Data extract –
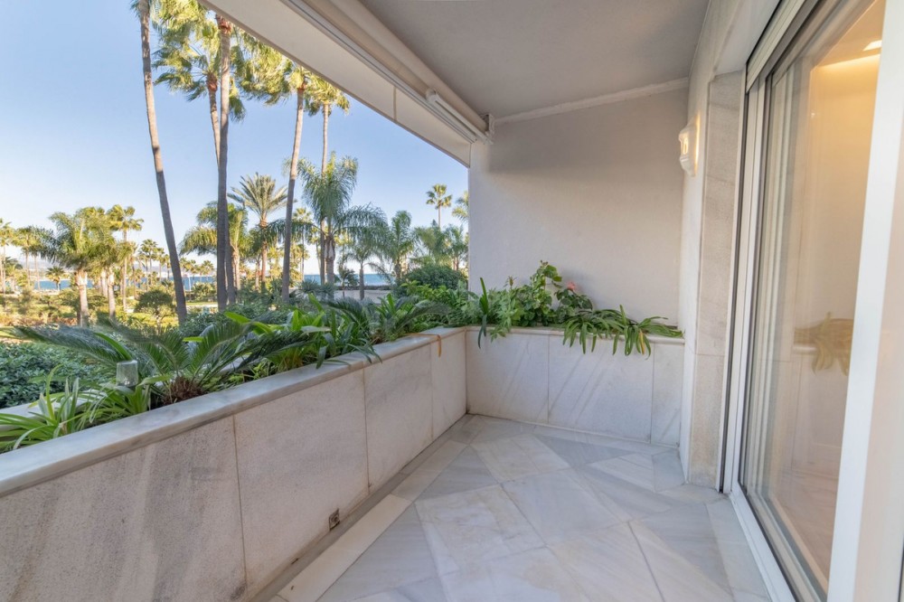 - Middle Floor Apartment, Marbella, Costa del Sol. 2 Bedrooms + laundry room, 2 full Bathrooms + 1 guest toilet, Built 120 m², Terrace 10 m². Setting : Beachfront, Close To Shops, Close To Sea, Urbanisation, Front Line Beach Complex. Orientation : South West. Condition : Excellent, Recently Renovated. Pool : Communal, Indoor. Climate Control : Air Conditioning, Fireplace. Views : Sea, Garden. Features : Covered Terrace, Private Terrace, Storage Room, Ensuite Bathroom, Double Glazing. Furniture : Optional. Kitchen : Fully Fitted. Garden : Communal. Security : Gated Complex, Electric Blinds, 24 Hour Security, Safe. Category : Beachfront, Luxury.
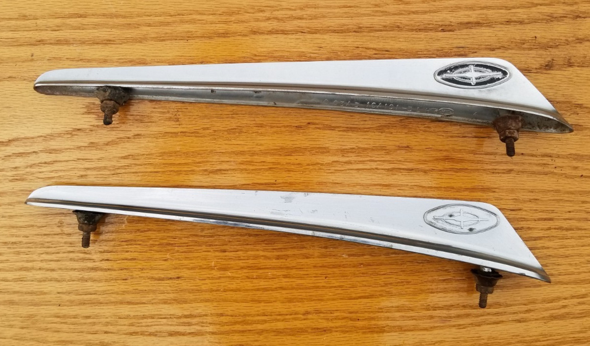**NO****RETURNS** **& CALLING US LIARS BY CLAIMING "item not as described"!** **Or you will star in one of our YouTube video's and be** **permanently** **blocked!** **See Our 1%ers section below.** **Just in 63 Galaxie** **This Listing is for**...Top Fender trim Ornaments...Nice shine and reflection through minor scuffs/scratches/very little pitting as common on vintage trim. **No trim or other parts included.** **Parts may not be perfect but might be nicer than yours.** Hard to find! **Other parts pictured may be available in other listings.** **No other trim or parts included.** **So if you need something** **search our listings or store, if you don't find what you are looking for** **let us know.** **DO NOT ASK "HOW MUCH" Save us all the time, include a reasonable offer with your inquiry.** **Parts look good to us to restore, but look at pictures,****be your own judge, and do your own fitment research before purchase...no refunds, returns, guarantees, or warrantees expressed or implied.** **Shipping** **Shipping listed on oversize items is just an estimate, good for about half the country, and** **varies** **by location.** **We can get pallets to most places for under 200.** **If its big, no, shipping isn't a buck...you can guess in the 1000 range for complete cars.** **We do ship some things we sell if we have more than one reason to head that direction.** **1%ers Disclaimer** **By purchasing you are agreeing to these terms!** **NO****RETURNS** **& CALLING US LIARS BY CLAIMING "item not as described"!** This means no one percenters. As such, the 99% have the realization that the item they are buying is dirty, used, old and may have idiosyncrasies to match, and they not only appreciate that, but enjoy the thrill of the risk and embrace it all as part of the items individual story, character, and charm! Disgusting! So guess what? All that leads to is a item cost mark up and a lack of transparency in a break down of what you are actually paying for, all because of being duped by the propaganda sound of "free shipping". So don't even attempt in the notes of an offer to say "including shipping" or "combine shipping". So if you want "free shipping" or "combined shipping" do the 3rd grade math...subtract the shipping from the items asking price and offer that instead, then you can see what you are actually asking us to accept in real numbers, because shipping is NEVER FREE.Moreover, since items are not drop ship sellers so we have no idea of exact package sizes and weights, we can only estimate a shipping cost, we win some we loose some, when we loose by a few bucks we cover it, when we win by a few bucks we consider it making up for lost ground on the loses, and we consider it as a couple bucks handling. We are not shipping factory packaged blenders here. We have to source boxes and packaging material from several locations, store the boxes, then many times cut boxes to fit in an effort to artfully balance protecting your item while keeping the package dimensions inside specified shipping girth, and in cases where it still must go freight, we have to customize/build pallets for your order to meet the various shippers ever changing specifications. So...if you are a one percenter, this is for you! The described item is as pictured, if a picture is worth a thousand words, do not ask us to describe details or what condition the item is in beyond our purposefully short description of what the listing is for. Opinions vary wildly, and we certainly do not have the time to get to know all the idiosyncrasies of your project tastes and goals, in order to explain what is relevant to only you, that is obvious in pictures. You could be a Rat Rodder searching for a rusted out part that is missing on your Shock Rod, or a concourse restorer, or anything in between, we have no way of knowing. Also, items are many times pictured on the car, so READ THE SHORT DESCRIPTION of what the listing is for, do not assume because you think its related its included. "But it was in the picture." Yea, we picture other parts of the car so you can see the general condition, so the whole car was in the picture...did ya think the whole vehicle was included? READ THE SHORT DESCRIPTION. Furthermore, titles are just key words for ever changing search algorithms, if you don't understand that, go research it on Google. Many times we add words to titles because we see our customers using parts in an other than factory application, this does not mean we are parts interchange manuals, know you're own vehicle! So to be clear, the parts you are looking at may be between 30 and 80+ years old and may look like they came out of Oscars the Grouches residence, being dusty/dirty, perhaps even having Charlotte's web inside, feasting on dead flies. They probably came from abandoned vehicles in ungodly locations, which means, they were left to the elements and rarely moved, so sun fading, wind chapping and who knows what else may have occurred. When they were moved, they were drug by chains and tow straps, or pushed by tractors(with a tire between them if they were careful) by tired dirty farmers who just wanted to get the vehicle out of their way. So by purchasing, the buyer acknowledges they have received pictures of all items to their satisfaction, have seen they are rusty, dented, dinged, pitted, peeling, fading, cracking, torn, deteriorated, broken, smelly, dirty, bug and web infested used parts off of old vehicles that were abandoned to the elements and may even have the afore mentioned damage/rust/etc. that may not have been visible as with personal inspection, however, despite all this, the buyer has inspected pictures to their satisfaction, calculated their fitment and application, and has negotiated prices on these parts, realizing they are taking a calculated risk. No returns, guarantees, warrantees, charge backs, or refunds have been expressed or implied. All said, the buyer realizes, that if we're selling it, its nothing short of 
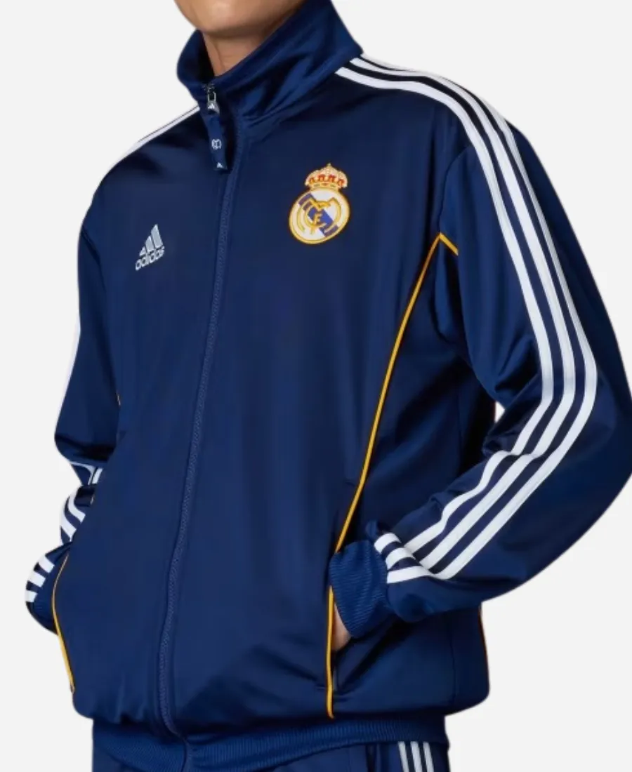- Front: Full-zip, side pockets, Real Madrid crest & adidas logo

Work item – Please set down the whole listing exactly, apart from the pictures.

Output below –
 - Middle Floor Apartment, Marbella, Costa del Sol. 2 Bedrooms + laundry room, 2 full Bathrooms + 1 guest toilet, Built 120 m², Terrace 10 m². Setting : Beachfront, Close To Shops, Close To Sea, Urbanisation, Front Line Beach Complex. Orientation : South West. Condition : Excellent, Recently Renovated. Pool : Communal, Indoor. Climate Control : Air Conditioning, Fireplace. Views : Sea, Garden. Features : Covered Terrace, Private Terrace, Storage Room, Ensuite Bathroom, Double Glazing. Furniture : Optional. Kitchen : Fully Fitted. Garden : Communal. Security : Gated Complex, Electric Blinds, 24 Hour Security, Safe. Category : Beachfront, Luxury.
**NO****RETURNS** **& CALLING US LIARS BY CLAIMING "item not as described"!** **Or you will star in one of our YouTube video's and be** **permanently** **blocked!** **See Our 1%ers section below.** **Just in 63 Galaxie** **This Listing is for**...Top Fender trim Ornaments...Nice shine and reflection through minor scuffs/scratches/very little pitting as common on vintage trim. **No trim or other parts included.** **Parts may not be perfect but might be nicer than yours.** Hard to find! **Other parts pictured may be available in other listings.** **No other trim or parts included.** **So if you need something** **search our listings or store, if you don't find what you are looking for** **let us know.** **DO NOT ASK "HOW MUCH" Save us all the time, include a reasonable offer with your inquiry.** **Parts look good to us to restore, but look at pictures,****be your own judge, and do your own fitment research before purchase...no refunds, returns, guarantees, or warrantees expressed or implied.** **Shipping** **Shipping listed on oversize items is just an estimate, good for about half the country, and** **varies** **by location.** **We can get pallets to most places for under 200.** **If its big, no, shipping isn't a buck...you can guess in the 1000 range for complete cars.** **We do ship some things we sell if we have more than one reason to head that direction.** **1%ers Disclaimer** **By purchasing you are agreeing to these terms!** **NO****RETURNS** **& CALLING US LIARS BY CLAIMING "item not as described"!** This means no one percenters. As such, the 99% have the realization that the item they are buying is dirty, used, old and may have idiosyncrasies to match, and they not only appreciate that, but enjoy the thrill of the risk and embrace it all as part of the items individual story, character, and charm! Disgusting! So guess what? All that leads to is a item cost mark up and a lack of transparency in a break down of what you are actually paying for, all because of being duped by the propaganda sound of "free shipping". So don't even attempt in the notes of an offer to say "including shipping" or "combine shipping". So if you want "free shipping" or "combined shipping" do the 3rd grade math...subtract the shipping from the items asking price and offer that instead, then you can see what you are actually asking us to accept in real numbers, because shipping is NEVER FREE.Moreover, since items are not drop ship sellers so we have no idea of exact package sizes and weights, we can only estimate a shipping cost, we win some we loose some, when we loose by a few bucks we cover it, when we win by a few bucks we consider it making up for lost ground on the loses, and we consider it as a couple bucks handling. We are not shipping factory packaged blenders here. We have to source boxes and packaging material from several locations, store the boxes, then many times cut boxes to fit in an effort to artfully balance protecting your item while keeping the package dimensions inside specified shipping girth, and in cases where it still must go freight, we have to customize/build pallets for your order to meet the various shippers ever changing specifications. So...if you are a one percenter, this is for you! The described item is as pictured, if a picture is worth a thousand words, do not ask us to describe details or what condition the item is in beyond our purposefully short description of what the listing is for. Opinions vary wildly, and we certainly do not have the time to get to know all the idiosyncrasies of your project tastes and goals, in order to explain what is relevant to only you, that is obvious in pictures. You could be a Rat Rodder searching for a rusted out part that is missing on your Shock Rod, or a concourse restorer, or anything in between, we have no way of knowing. Also, items are many times pictured on the car, so READ THE SHORT DESCRIPTION of what the listing is for, do not assume because you think its related its included. "But it was in the picture." Yea, we picture other parts of the car so you can see the general condition, so the whole car was in the picture...did ya think the whole vehicle was included? READ THE SHORT DESCRIPTION. Furthermore, titles are just key words for ever changing search algorithms, if you don't understand that, go research it on Google. Many times we add words to titles because we see our customers using parts in an other than factory application, this does not mean we are parts interchange manuals, know you're own vehicle! So to be clear, the parts you are looking at may be between 30 and 80+ years old and may look like they came out of Oscars the Grouches residence, being dusty/dirty, perhaps even having Charlotte's web inside, feasting on dead flies. They probably came from abandoned vehicles in ungodly locations, which means, they were left to the elements and rarely moved, so sun fading, wind chapping and who knows what else may have occurred. When they were moved, they were drug by chains and tow straps, or pushed by tractors(with a tire between them if they were careful) by tired dirty farmers who just wanted to get the vehicle out of their way. So by purchasing, the buyer acknowledges they have received pictures of all items to their satisfaction, have seen they are rusty, dented, dinged, pitted, peeling, fading, cracking, torn, deteriorated, broken, smelly, dirty, bug and web infested used parts off of old vehicles that were abandoned to the elements and may even have the afore mentioned damage/rust/etc. that may not have been visible as with personal inspection, however, despite all this, the buyer has inspected pictures to their satisfaction, calculated their fitment and application, and has negotiated prices on these parts, realizing they are taking a calculated risk. No returns, guarantees, warrantees, charge backs, or refunds have been expressed or implied. All said, the buyer realizes, that if we're selling it, its nothing short of 
- Front: Full-zip, side pockets, Real Madrid crest & adidas logo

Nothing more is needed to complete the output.